Aim of the task.
Set down every record below exactly as it stands, minus the pictures.

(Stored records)
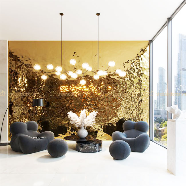1. Sử dụng tấm sóng inox 3D thiết kế trang trí phòng khách
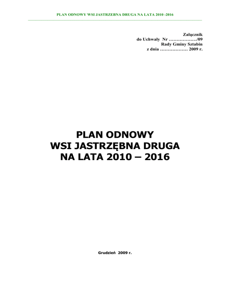 plan odnowy wsi jastrzębna druga na lata 2010 – 2016
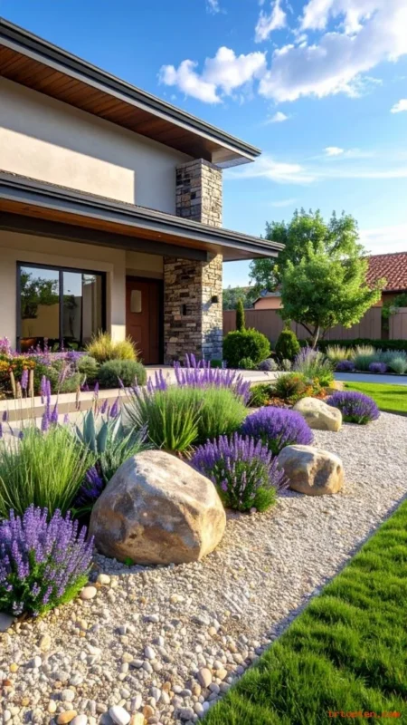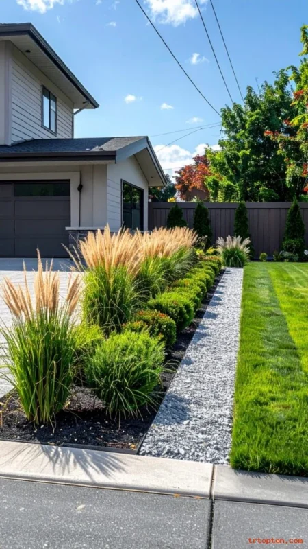 Gravel with drought-tough plants cuts watering and reduces weeds. Clean edging keeps it looking sharp.
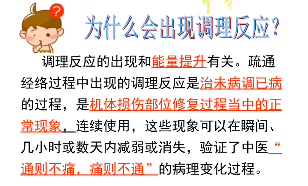 体质不好或身体有疾患的会出现各种不同的调理反应,属于改善身体症状的正常现象,调理反应约持续两到八天不等,症状将自然消失。出现调理反应可以洗澡,水温不宜过热。要求多喝不热的水,一小时喝三次。要求不能剧烈运动,屋里不能憋闷,相对凉爽为好。不能用加热的床垫被褥等。不要烤电熏蒸等。
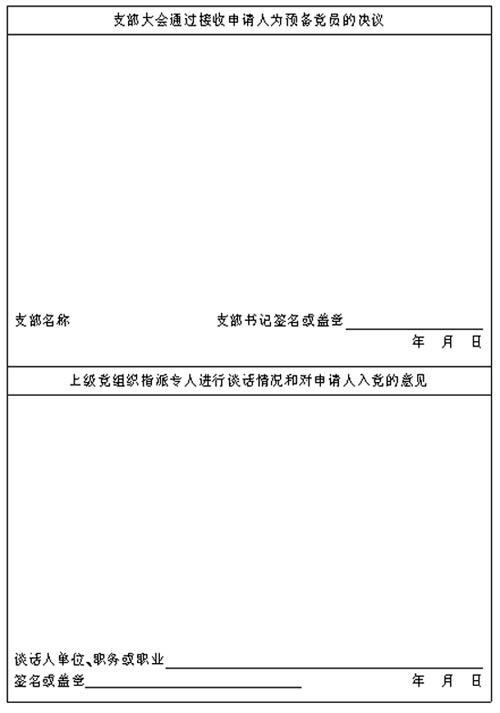 15.“上级党组织指派专人进行谈话情况和对申请人入党的意见”,填写党委委员或组织员通过谈话了解到的申请人的入党动机是否端正,对党的基本知识是否了解,入党手续是否符合规定,谈话人对申请人是否具备党员条件和是否同意其入党的意见等内容。
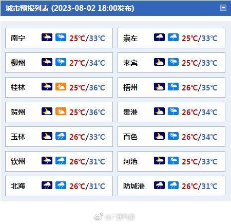 8月3日、4日:受热带云团影响,南宁市多云有阵雨或雷雨,局地大雨或暴雨。最低气温26℃,最高气温32~34℃。
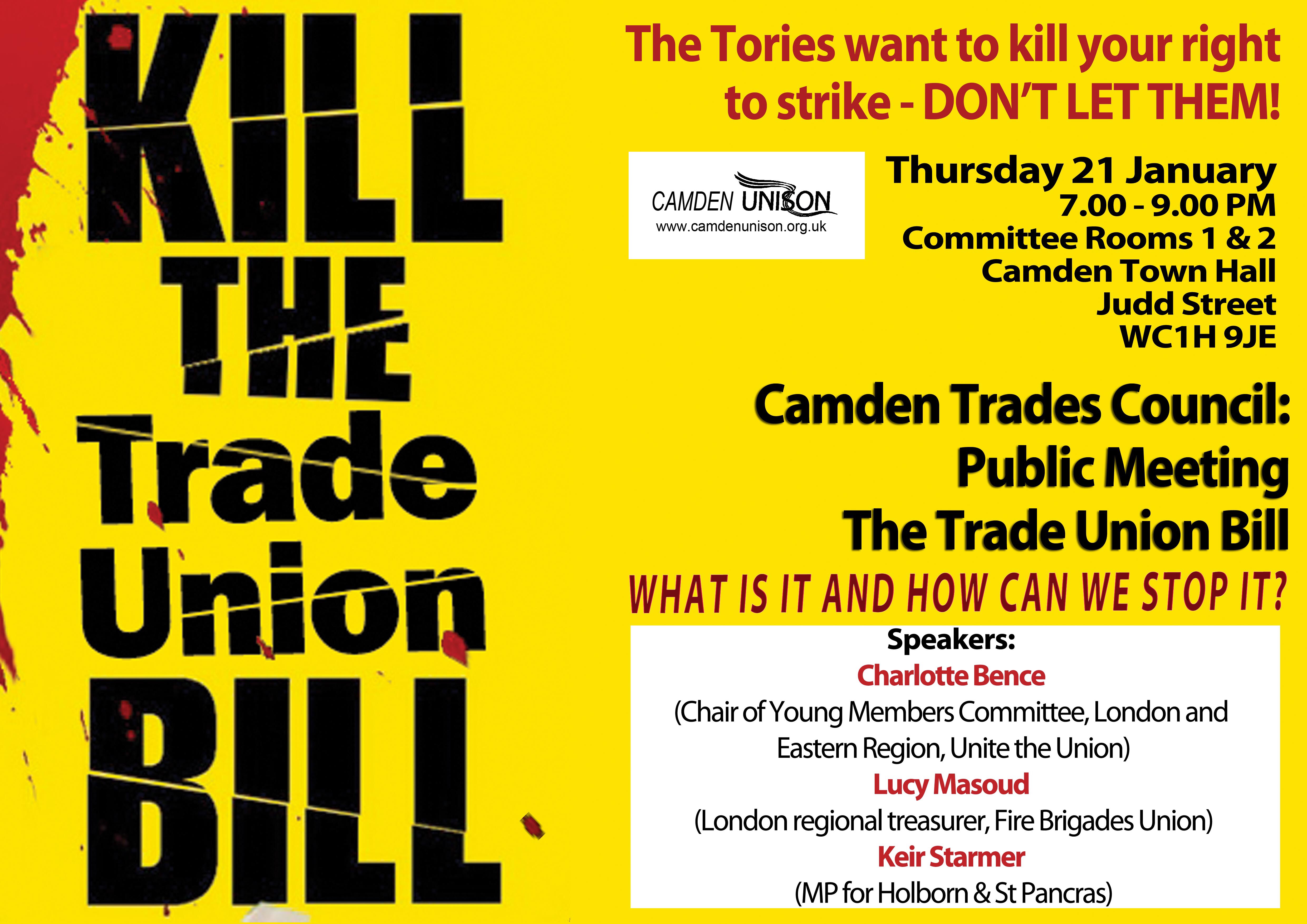 Camden Trades union Council public meeting Kill The Trade Union Bill 8Jan 20168 Jan 2016Add a comment Share this: Click to share on X (Opens in new window) X Click to share on Facebook (Opens in new window) Facebook More Click to email a link to a friend (Opens in new window) Email Click to share on Tumblr (Opens in new window) Tumblr Like Loading...
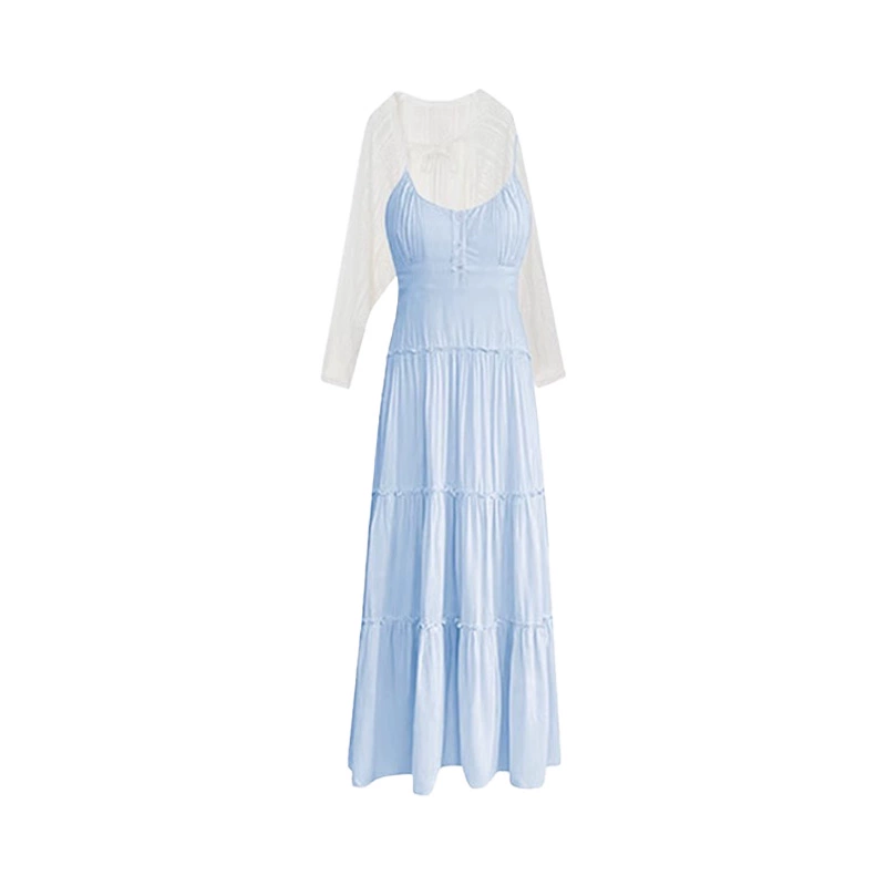 | nameOriginal | Breast-style outfit, early spring gentle style top, blue cardigan |
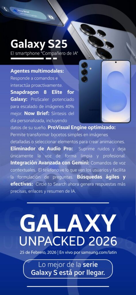 Samsung no solo compite, sino que se adelanta al futuro. El compromiso de la marca por ofrecer dispositivos disruptivos tendrá su próximo gran capítulo el 25 de febrero de 2026 en el Galaxy Unpacked. La integración de la IA se elevará a una dimensión nunca antes vista, transformando radicalmente la interacción humana con la tecnología. El futuro no se espera, se vive con Galaxy.
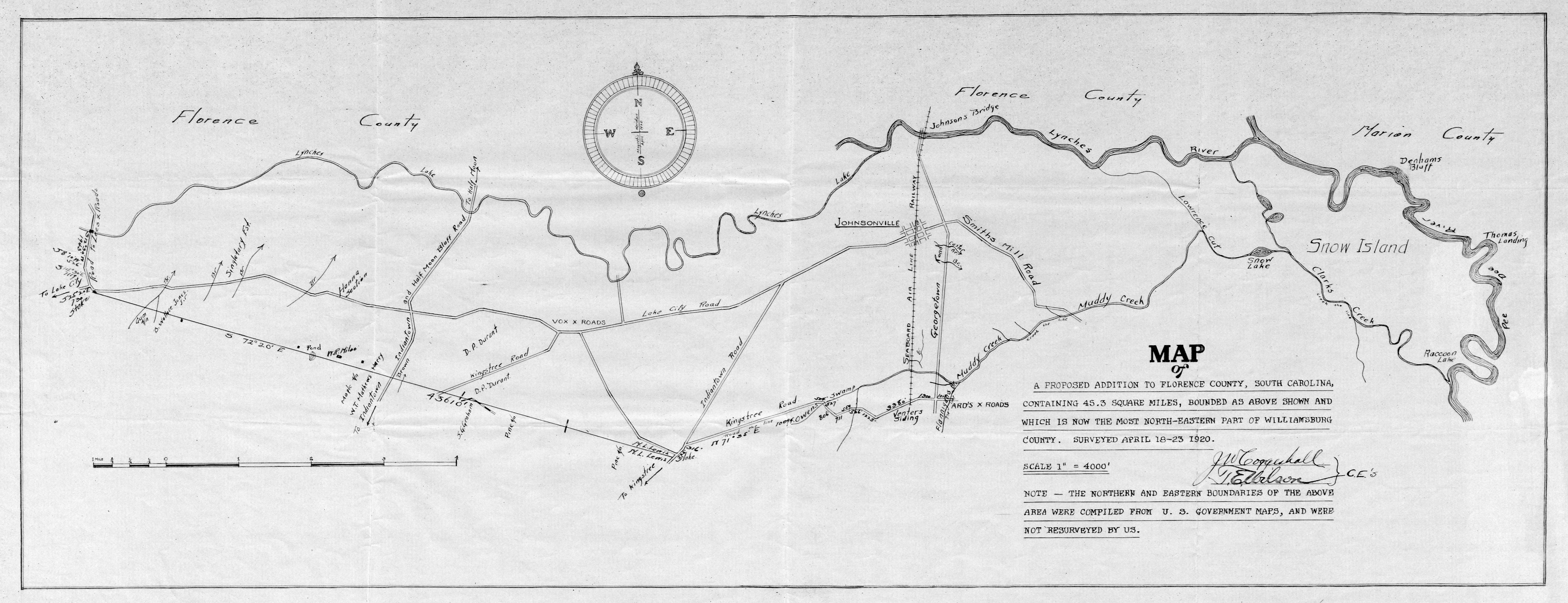 - § Coggeshall, J.W.; Wilson, T.E.. Map of a Proposed Addition to Florence County, South Carolina, dated April 18-23, 1920: Map. Provided by the South Carolina Department of Archives and History, <Series S213201>
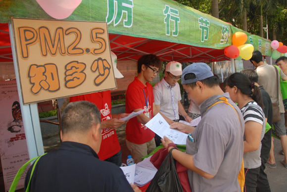 在石岩影剧院广场,环境科学与工程学院学生与宝安区环境保护和水务局工作人员、石岩街道义工共同开展了关于PM2.5及低碳生活的环保知识宣传。现场设有PM2.5知识普及区、环保工艺设计展示、低碳生活知识咨询区等。学生们向居民派发了PM2.5环保小宝典、低碳生活知识小册子及《宝安区环境保护和水务局便民服务指引》等宣传资料以及环保袋、小锦囊等小礼物。社区居民纷纷被摊位吸引,前来观看设计展并向工作人员咨询环保建议。

Your solution.
1. Sử dụng tấm sóng inox 3D thiết kế trang trí phòng khách
 plan odnowy wsi jastrzębna druga na lata 2010 – 2016
 Gravel with drought-tough plants cuts watering and reduces weeds. Clean edging keeps it looking sharp.
 体质不好或身体有疾患的会出现各种不同的调理反应,属于改善身体症状的正常现象,调理反应约持续两到八天不等,症状将自然消失。出现调理反应可以洗澡,水温不宜过热。要求多喝不热的水,一小时喝三次。要求不能剧烈运动,屋里不能憋闷,相对凉爽为好。不能用加热的床垫被褥等。不要烤电熏蒸等。
 15.“上级党组织指派专人进行谈话情况和对申请人入党的意见”,填写党委委员或组织员通过谈话了解到的申请人的入党动机是否端正,对党的基本知识是否了解,入党手续是否符合规定,谈话人对申请人是否具备党员条件和是否同意其入党的意见等内容。
 8月3日、4日:受热带云团影响,南宁市多云有阵雨或雷雨,局地大雨或暴雨。最低气温26℃,最高气温32~34℃。
 Camden Trades union Council public meeting Kill The Trade Union Bill 8Jan 20168 Jan 2016Add a comment Share this: Click to share on X (Opens in new window) X Click to share on Facebook (Opens in new window) Facebook More Click to email a link to a friend (Opens in new window) Email Click to share on Tumblr (Opens in new window) Tumblr Like Loading...
 | nameOriginal | Breast-style outfit, early spring gentle style top, blue cardigan |
 Samsung no solo compite, sino que se adelanta al futuro. El compromiso de la marca por ofrecer dispositivos disruptivos tendrá su próximo gran capítulo el 25 de febrero de 2026 en el Galaxy Unpacked. La integración de la IA se elevará a una dimensión nunca antes vista, transformando radicalmente la interacción humana con la tecnología. El futuro no se espera, se vive con Galaxy.
 - § Coggeshall, J.W.; Wilson, T.E.. Map of a Proposed Addition to Florence County, South Carolina, dated April 18-23, 1920: Map. Provided by the South Carolina Department of Archives and History, <Series S213201>
 在石岩影剧院广场,环境科学与工程学院学生与宝安区环境保护和水务局工作人员、石岩街道义工共同开展了关于PM2.5及低碳生活的环保知识宣传。现场设有PM2.5知识普及区、环保工艺设计展示、低碳生活知识咨询区等。学生们向居民派发了PM2.5环保小宝典、低碳生活知识小册子及《宝安区环境保护和水务局便民服务指引》等宣传资料以及环保袋、小锦囊等小礼物。社区居民纷纷被摊位吸引,前来观看设计展并向工作人员咨询环保建议。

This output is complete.